The training test was used to extract features of our images, while the test images are used to test our programs accuracy. For every image in our training set, a histogram of visual words is extracted from our dictionary map using the code present in getImageFeatures.m. Below in Figure 4 there is an example of a histogram from a particular image. The histograms of the images in the testing data set are compared to the histograms of all the training set images.

The testing set is used to test the accuracy of our program and results in a confusion matrix to show the accuracy per image type. The confusion matrix that was generated at the end gave us very high image detection. For Keep Right, 47 images were guessed correctly while 3 images were guessed incorrectly (refer to the first row of figure 5 below). For Signal Ahead, 45 images were guessed correctly while 5 images were guessed incorrectly (refer to the second row of figure 5 below). For Stop Signs 49 images were guess correctly while 1 image was guessed incorrectly (refer to the third row of figure 5 below). For Pedestrian Crossing, all images were guessed correctly (refer to the fourth row of figure 5 below). For Added Lane, 37 images were guessed correctly while 13 images were guessed incorrectly (refer to the fifth row of figure 5 below).

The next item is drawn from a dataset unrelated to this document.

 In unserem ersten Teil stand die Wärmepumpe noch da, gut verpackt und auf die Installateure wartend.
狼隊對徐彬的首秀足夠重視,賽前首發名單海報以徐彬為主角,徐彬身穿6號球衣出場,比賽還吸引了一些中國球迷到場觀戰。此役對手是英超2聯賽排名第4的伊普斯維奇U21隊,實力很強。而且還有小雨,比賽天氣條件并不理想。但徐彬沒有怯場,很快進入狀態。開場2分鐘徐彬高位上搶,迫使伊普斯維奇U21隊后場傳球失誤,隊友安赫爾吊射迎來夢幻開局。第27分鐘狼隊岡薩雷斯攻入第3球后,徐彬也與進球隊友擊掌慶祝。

Overall the accuracy was 91.2 percent, refer to Figure 5 below for the confusion matrix. The categories that were guessed the most correct had the highest data set size for training images. For example, Pedestrian Crossing had the highest accuracy rate of 100 percent. This may be due to it having the highest data set for training. On the other hand, Added Lane had the lowest accuracy of 74 percent. This may be due to it having the lowest data set size for training.

hist

Figure 4 – Example of a histogram

conf_matrix

Figure 5 – The final confusion matrix

Conclusion and Future Work

As this is a safety critical system, the accuracy of this when used in the real world must be as close to 100% as possible to prevent human loss of life or property. To improve our current accuracy of 91.2% to a 99.9% will be challenging, but given below are a few of the methods to increase the accuracy of classification in future endeavors of this project.

A way to increase accuracy would be to increase our data set size drastically. In this case we are using 2024 images totally, but this a very small number when it comes to a real world application. If this exercise is performed on a large scale (10s of thousands or 100s of thousands images) than we could increase the accuracy to almost 100 percent.

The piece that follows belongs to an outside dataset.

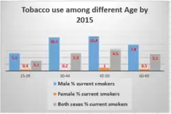 From the Table above, Tobacco relatively used in rural 4.3% than urban 3.9% for both sexes current smokers. The percentage of male's current smokers among 45-59 age group 10.4%, 1% Female's and both sexes’ current smokers are 6.5% and the use of tobacco among this age group shows increasing when compared to others age group in 2015. The overall tobacco use among adults age (15+) were 4.2% in 2015 and declined to 4% in 2016. Smoking prevalence of males were high according to both residences and among all age group when compared to females.

Another idea would be to bump up all the parameters, such as α even more, however it’s a trade-off between accuracy and time. As the parameters and data set sizes increase, the time for the code to run also increases. This is a direct correlation and is something to take into heavy consideration. In this approach we used k-means with spatial pyramid mapping. It may be possible that if we took the convolutional neural network approach that this could also increase the accuracy of our results. We could include other traffic signals also which would resonate to more real world scenarios.

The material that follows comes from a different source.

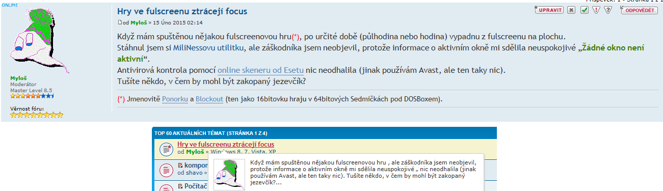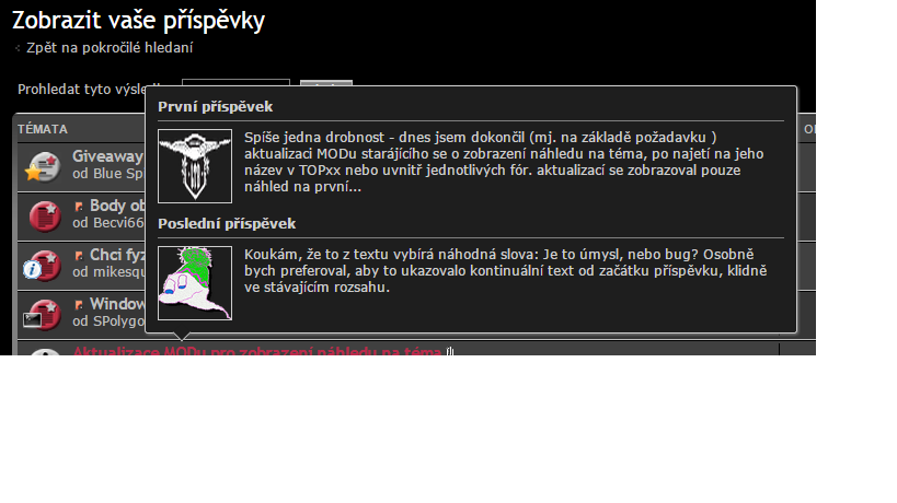 S MODem byly vážné potíže a tak mi autor MODu poskytnul alternativní kód pro rozklad příspěvků....sám potvrdil, že jde o rychlé řešení, které má určité potíže s rozkladem složitých příspěvků s bbkódem a že s řádnou opravou teprve přijde. Za jak dlouho netuším, odhadoval bych tak za 1-2 měsíce... Do té doby se budeme muset spokojit, v případě složitých příspěvků, se zmiňovanými 6 nohami...Myloš píše:Koukám, že to z textu vybírá náhodná slova:Je to úmysl, nebo bug? Osobně bych preferoval, aby to ukazovalo kontinuální text od začátku příspěvku, klidně ve stávajícím rozsahu.

Another approach which can be taken into consideration in future is the use of other types of filters like Gabon filters or Kalman filter. We believe this will somewhat result into increased accuracy and better recognition of traffic signals due to better filter responses extraction. We can also try and see if increasing the number and value of the scales used along with filters has an impact on the final accuracy.

Even though preliminary results are promising, in future we can directly feed the video from a moving vehicle to our Gaussian mixture model. This will increase the run time of the system and train it to work better with more accuracy in real world scenario.